__What the task asks__
Task for the records below: please retype exactly and only the lines from the first through the one with "FEHÉR KÖPENY ENYHÉN", with every picture omitted.
[[ Recorded information, beginning ]]
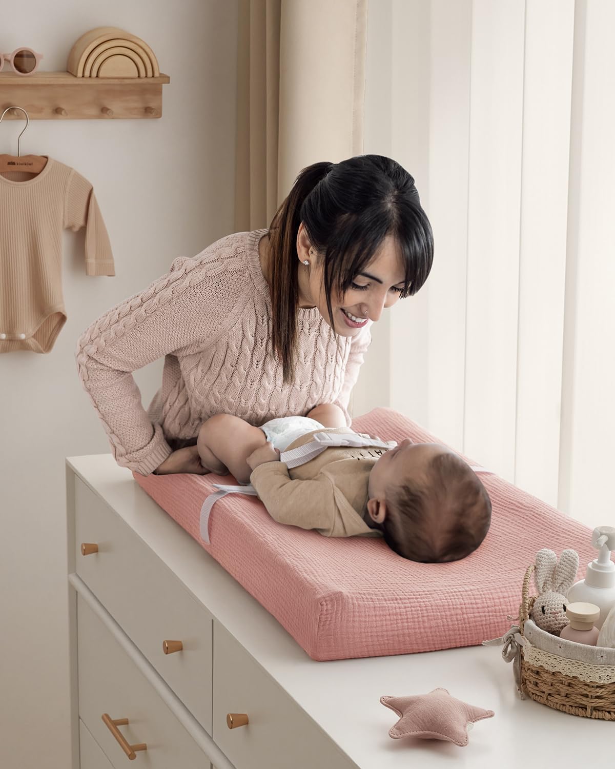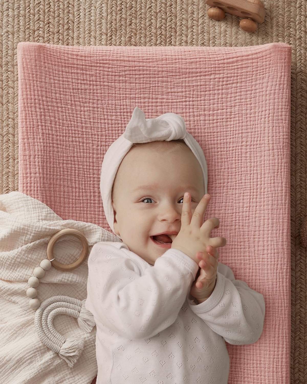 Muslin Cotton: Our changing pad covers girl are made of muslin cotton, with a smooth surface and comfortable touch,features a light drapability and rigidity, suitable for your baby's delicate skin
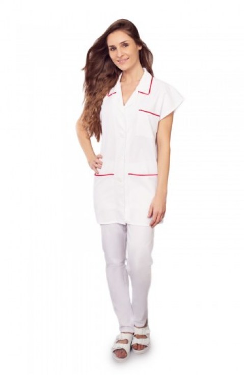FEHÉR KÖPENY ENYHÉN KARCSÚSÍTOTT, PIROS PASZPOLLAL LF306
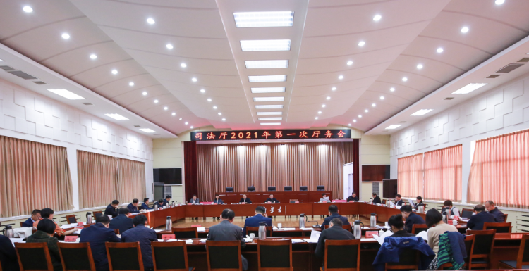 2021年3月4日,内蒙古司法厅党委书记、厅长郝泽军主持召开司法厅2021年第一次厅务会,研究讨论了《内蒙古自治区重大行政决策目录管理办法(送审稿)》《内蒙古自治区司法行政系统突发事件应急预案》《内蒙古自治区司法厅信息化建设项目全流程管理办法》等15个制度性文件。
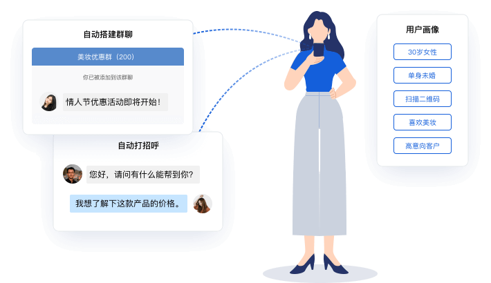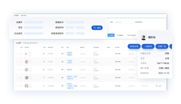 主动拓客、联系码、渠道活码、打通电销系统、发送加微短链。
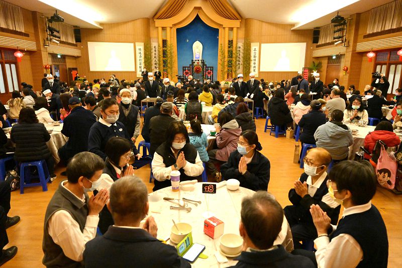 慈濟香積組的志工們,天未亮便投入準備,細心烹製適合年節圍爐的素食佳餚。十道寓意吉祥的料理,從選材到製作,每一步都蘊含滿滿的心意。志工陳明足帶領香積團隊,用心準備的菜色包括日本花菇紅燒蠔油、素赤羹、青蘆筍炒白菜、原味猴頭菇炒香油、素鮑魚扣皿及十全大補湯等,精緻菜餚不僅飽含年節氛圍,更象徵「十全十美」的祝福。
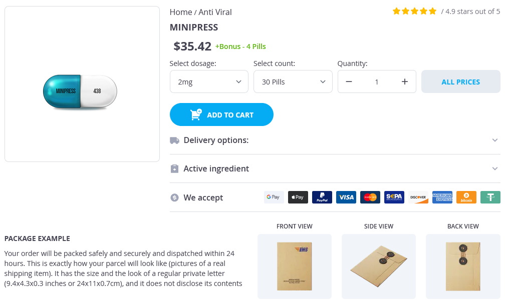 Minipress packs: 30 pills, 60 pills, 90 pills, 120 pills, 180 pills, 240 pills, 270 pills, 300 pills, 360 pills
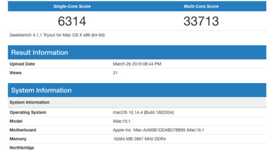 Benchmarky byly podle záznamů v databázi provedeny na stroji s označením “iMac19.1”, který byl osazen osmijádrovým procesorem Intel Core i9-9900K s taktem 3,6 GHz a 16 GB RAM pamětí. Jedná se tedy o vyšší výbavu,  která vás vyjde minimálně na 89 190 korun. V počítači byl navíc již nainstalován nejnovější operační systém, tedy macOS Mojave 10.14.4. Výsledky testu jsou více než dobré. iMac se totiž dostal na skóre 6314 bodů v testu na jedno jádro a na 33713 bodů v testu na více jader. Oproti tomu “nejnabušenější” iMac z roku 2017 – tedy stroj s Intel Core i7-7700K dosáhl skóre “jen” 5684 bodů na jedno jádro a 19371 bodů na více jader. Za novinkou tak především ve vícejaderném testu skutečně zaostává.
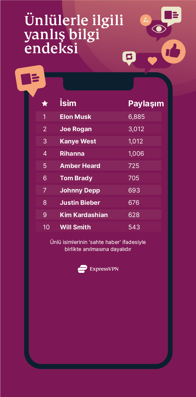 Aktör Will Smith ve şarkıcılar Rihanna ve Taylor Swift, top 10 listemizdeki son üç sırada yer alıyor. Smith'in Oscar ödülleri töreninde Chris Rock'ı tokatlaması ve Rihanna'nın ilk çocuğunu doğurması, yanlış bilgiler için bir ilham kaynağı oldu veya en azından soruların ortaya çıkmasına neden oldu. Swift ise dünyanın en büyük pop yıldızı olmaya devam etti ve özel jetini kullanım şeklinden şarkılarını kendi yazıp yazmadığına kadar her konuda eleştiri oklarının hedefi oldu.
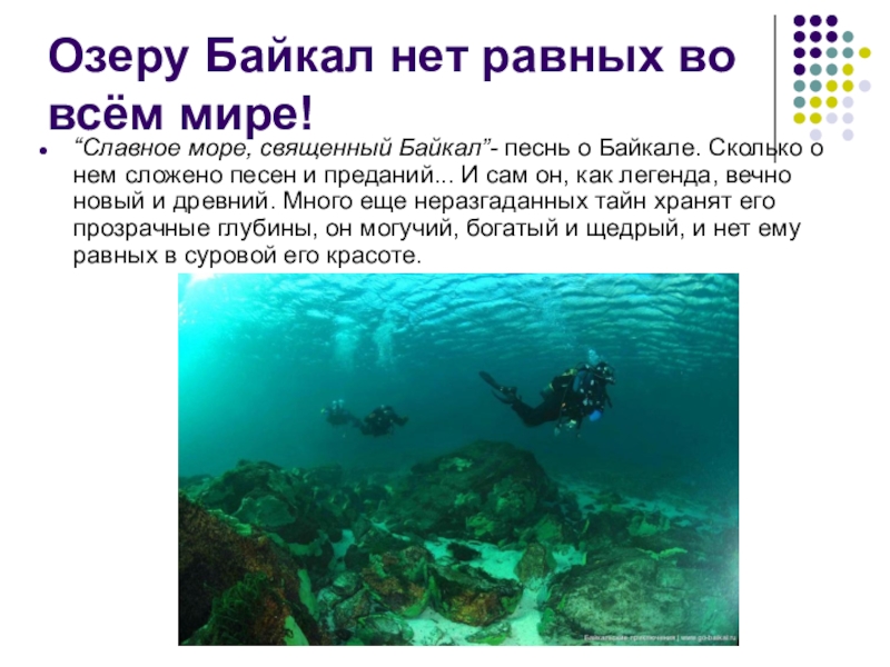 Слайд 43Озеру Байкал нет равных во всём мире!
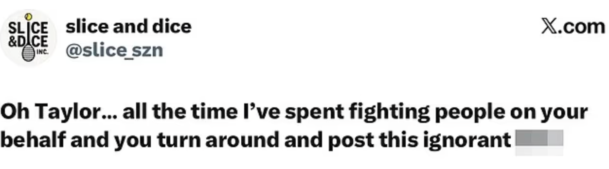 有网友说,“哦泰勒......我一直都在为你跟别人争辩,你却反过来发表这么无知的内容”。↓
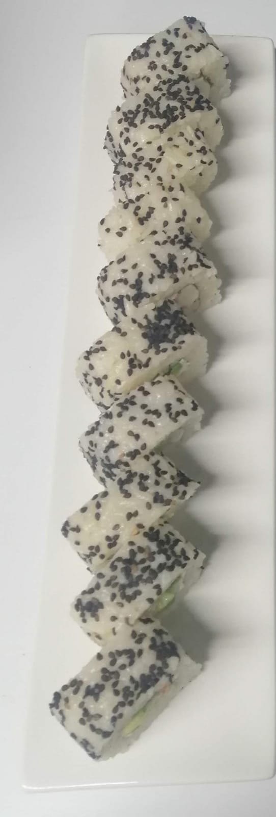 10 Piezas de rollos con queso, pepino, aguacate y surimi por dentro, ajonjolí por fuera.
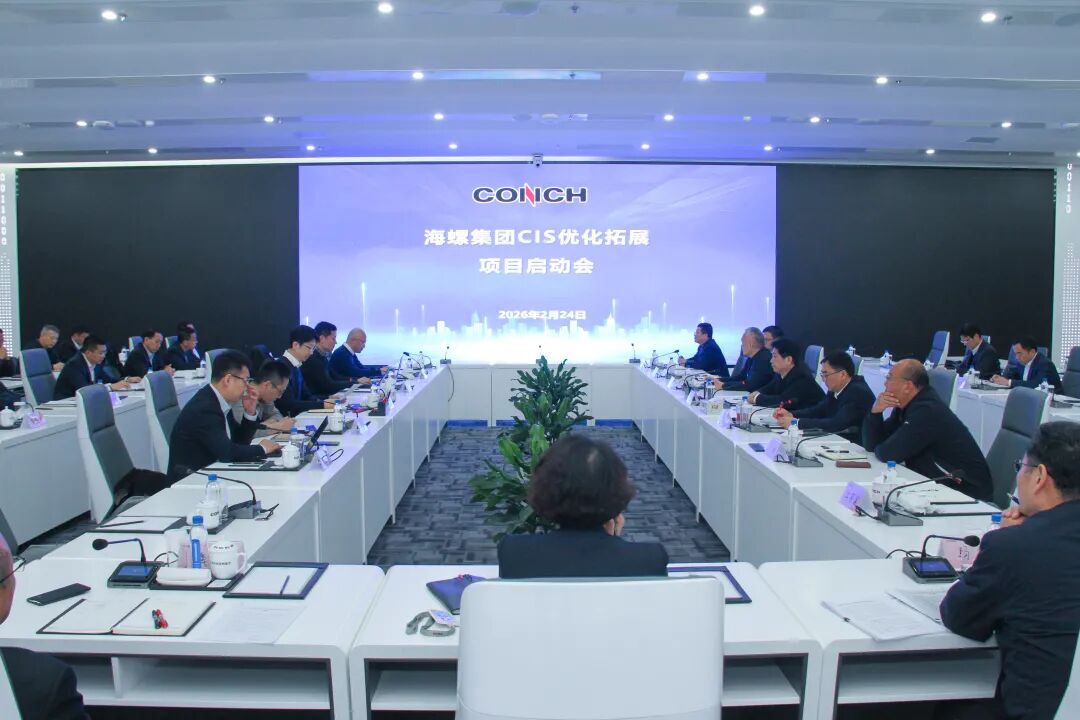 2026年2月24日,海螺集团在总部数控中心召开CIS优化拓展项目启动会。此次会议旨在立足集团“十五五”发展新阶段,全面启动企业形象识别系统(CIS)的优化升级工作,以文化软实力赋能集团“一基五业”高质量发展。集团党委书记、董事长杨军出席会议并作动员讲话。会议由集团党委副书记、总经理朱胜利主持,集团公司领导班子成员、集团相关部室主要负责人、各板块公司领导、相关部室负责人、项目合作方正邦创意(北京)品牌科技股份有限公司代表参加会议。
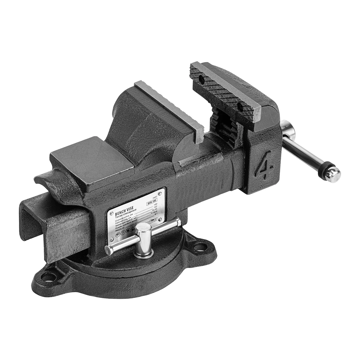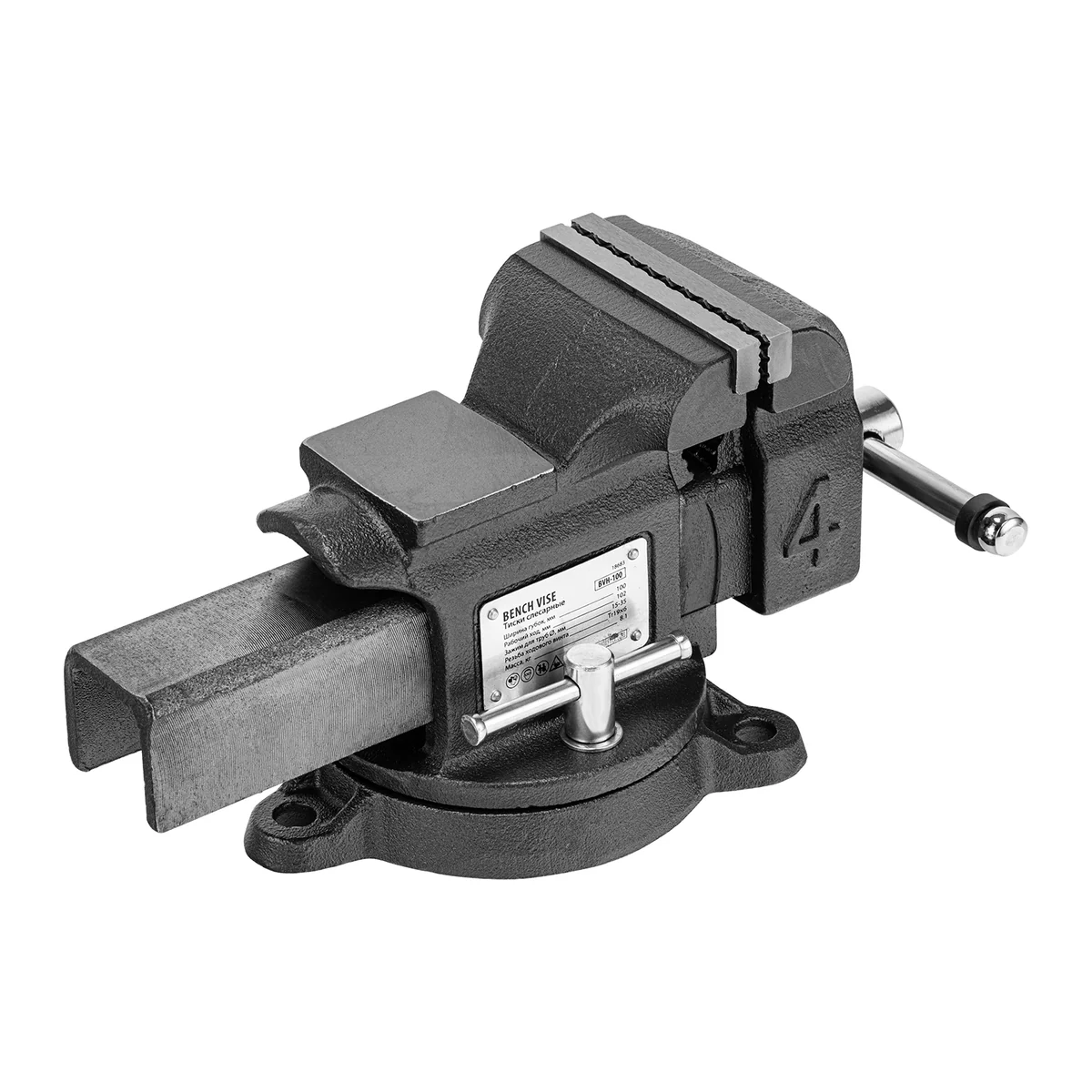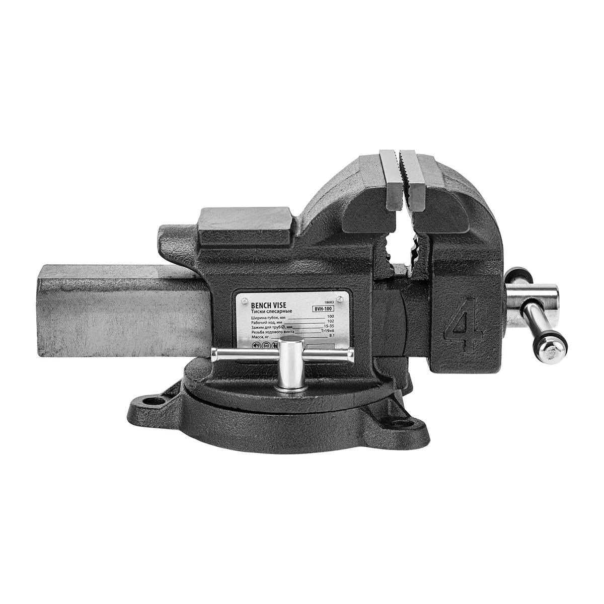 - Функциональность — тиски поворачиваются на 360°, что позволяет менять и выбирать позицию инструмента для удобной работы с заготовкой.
[[ Recorded information, end ]]
__Exercise response__
 Muslin Cotton: Our changing pad covers girl are made of muslin cotton, with a smooth surface and comfortable touch,features a light drapability and rigidity, suitable for your baby's delicate skin
FEHÉR KÖPENY ENYHÉN KARCSÚSÍTOTT, PIROS PASZPOLLAL LF306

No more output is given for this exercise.